Dynamics of Scaffolding ProteinsKeith Scottish*
Keith Scottish, Department of Psychology, University of Calgary, Canada, Email: [email protected]
Received Date: Jun 05, 2021 / Accepted Date: Jun 20, 2021 / Published Date: Jun 26, 2021
Scaffolding proteins have critical roles in cellular signaling pathways in which they bring multiple binding partners together to facilitate their concerted interactions and functions. They achieve this by being composed of several protein–protein interaction modules, most notably PDZ (postsynaptic density 95/discs large/zona occludens-1) and SH3 (Src homology 3) domains. Additionally, scaffolding proteins and their partners generally show highly specific subcellular localizations. Some well-studied examples include MAPK signaling during mating in the budding yeast using the scaffold Ste5p, neuronal synaptic signaling exploiting PSD-95, and photosensory reception in Drosophila signaling using InaD (inactivation no after-potential D. Other scaffolds, such as members of the NHERF (Na+-H+ exchanger regulatory factor) family and SNX27 (sorting nexin family member 27), are involved in the stabilization, sorting, recycling, and localization of cell surface receptors.

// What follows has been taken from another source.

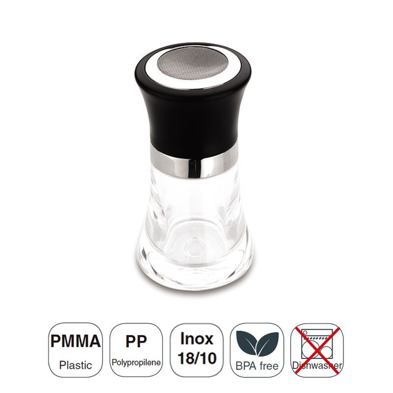 Étagère à épices en maille faite de plastique sans bisfenoles de 7 cm de diamètre et 12,5 cm de haut, avec un couvercle en polypropylène et en acier inoxydable 18/10.

Scaffolds also perform critical roles in cell polarity. The scaffold Bem1 coordinates a feedback loop to generate localized activation of Cdc42 to ensure that budding yeast assembles a single bud. The PDZ scaffolds par-3 and par-6 are essential for establishment of asymmetry and proper cleavage in the early embryo of Caenorhabditis elegans . In Drosophila, Scrib (scribble), Dlg (discs large), Baz (Bazooka), and Sdt (stardust) are all PDZ scaffolds that regulate epithelial polarity. Another PDZ scaffold, ZO-1 (zona occludens-1) is involved in the stabilization and barrier function of tight junctions. Additionally, the linking proteins α- and β-catenin play vital roles in cadherin-based cell–cell adhesion, which helps give rise to the functional organization of cells into tissues. The overwhelming majority of these scaffolds involved in polarity are highly conserved across species, further highlighting their importance.
The name “scaffold” implies the formation of a stable complex, a notion further reinforced by their highly specific localizations. However, over the past decade, there have been examples of scaffolding protein complexes long thought to provide stable linkages but subsequently found to be surprisingly dynamic. These advances have been driven by the increased accessibility of techniques such as FRAP (fluorescence recovery after photobleaching) and photoactivation to examine the dynamics of components in vivo. Despite these advances, the in vivo dynamics of many scaffold complexes are often not considered. In this Perspective, we aim to draw attention to this phenomenon by discussing some examples of unexpectedly dynamic scaffold complexes and to discuss how this may relate to their physiological roles. Further, we wish to encourage more analyses of in vivo dynamics of cellular components, as unexpected insights can emerge. Finally, we explore the issue that dynamic protein complexes are likely systematically underrepresented in current proteomic data.
The terms dynamic and stable serve as qualitative descriptors of the dynamics of components in the context of the stability of the structures in which they participate. The affinity of protein–protein interactions is a function of their on and off rates. On rates are largely limited by diffusion (on the order of 106 to 107 M−1s−1), so the off rate is often the determining factor of binding affinity. Techniques such as FRAP measure the off rate of proteins based on their fluorescence recoveryrates.